I started freaking out about how I'd have to go and get the THREE HOUR glucose tolerance test which requires you to drink DOUBLE the amount of liquid in the same amount of time. Technically, the 1 hour test is just a screen. Most people who fail the screen will go on to pass the 3 hour test (and not get diagnosed with GD like I did). I wondered if I'd be able to do the 3 hr GTT without puking. I mean, my tummy is small. I couldn't dream of how 100g of glucose would make me feel if 50g made me feel so bad. I honestly thought 100g could put me in a sugar coma.
But you know what?
I was wrong. Hooray!
My OB's office called to tell me I'd passed and I honestly couldn't believe it.
The bad news? I have to take the test again around 26 weeks.
Right now I'm 24 weeks. Hopefully I'll pass the test again. But I'm kinda dreading it. I read somewhere on the internet there's a different test for WLS patients. Something about eating 18 jelly beans instead of drinking the glucola. That would be cool. I'm going to ask my OB about it when I see her this Thursday.
After having gestational diabetes during my second pregnancy, let me tell you--it was awful having to stick my fingers 5 times a day to check my blood sugar. At first, I didn't think it hurt at all. The needles are really tiny. But after a few months of pricking yourself 5 times a day, your fingers start to get sensitive.
Have you ever looked at a diabetic's fingertips? After years of pricking and pricking, they kind of look like raw hamburger meat.
All that finger pricking was one of the reasons I started seriously considering WLS in the first place. Women who develop GD have a 50-60% chance of developing type II diabetes within ten years. The thought of dealing with that for the rest of my life was unsettling.

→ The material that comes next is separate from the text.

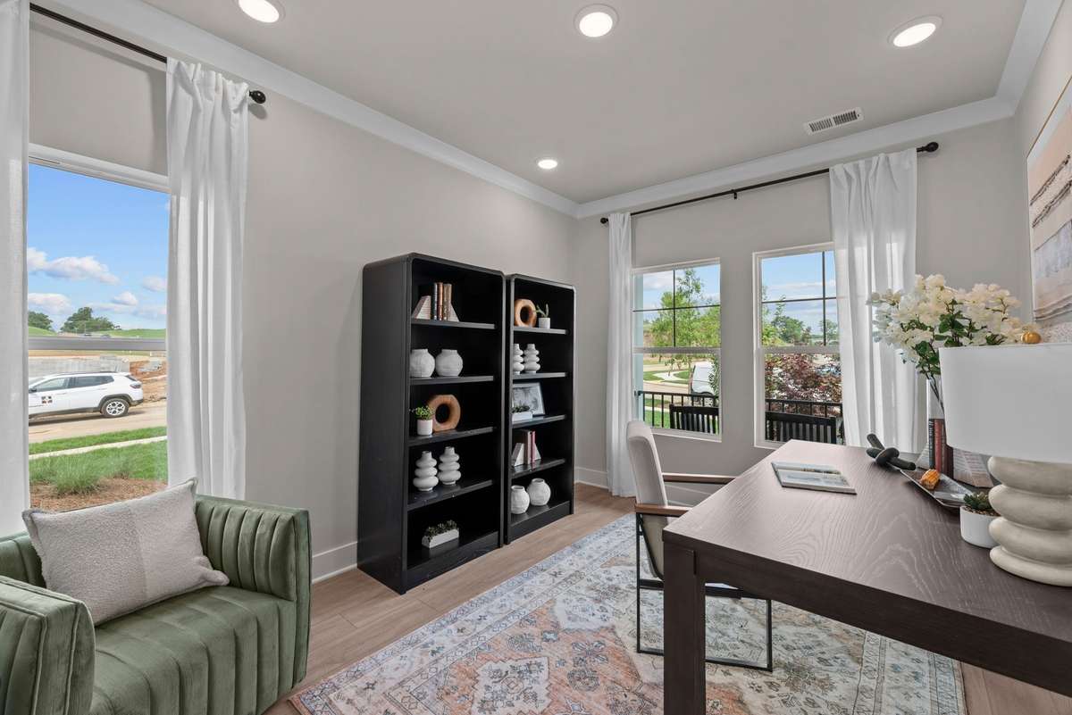 The Irvington floor plan gives you space where it matters most. Downstairs, the open family room, dining, and kitchen make everyday living easy and entertaining fun. The kitchen has upgraded cabinets, quartz counters, a large island- plus plenty of room to gather. The fireplace is the focal point of the living space- making the space feel cozy. There is also a large study that can be closed off with double glass doors- the perfect place for an in home office, library, or playroom.

Anywho. Here's a recent pic that I took at the mall bathroom. I don't have a full length mirror at home and I can never remember to get my husband to take my picture, so this is all I got. I've gained about 15 pounds from my lowest weight. So this puts me at 156. The baby only weighs 1.25 lbs or so right now, so I'm a little freaked out by the math. And the bump! Look how big I am! I look like I could deliver in a month. But, according to my pregnancy-BMI-calculator app, my BMI is less than 25 at that weight (156 in week 24). So I'm trying to be okay with it. My original goal was to get no higher than 163. Hey! I hear you laughing. Yeah, yeah. I don't think I'm gonna make it either. My first two babies weighed over 9.5 lbs. So only the baby can gain weight from now ON. Not me!

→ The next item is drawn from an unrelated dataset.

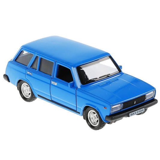 2104-12-BU299588 Машина металл ВАЗ-2104 ЖИГУЛИ длина 12 см, двери, багаж, инерц, синий, кор. Техно

I've been walking for an hour a day (or more!) after I get off work every day. I found a hike/bike trail super close to my boys' daycare, so I go walk and then pick them up. It's a lovely walk---I should take pics for you guys. It follows a creek for about a mile, is paved, and has tons of ducks and birds that are so domesticated they will sit their plump-sized-overfed-selves on the concrete and not even move when I walk by. I love it! Temps are in the 90's right now at that time of day, so I'm not sure how much longer I'll be able to keep up with it, but it feels great to be active. I've been wearing a pedometer and averaging about 15,000 steps a day---about 5,000 at work. If you look closely at my legs, you can see a tan line under my knee from my capri walking pants! I never noticed it til I took this picture. Then I looked down at my legs, hoping it was just the light of the bathroom. Nope! Farmer tan. I must get a full length mirror so I don't get these kinds of surprises. Awesome, right?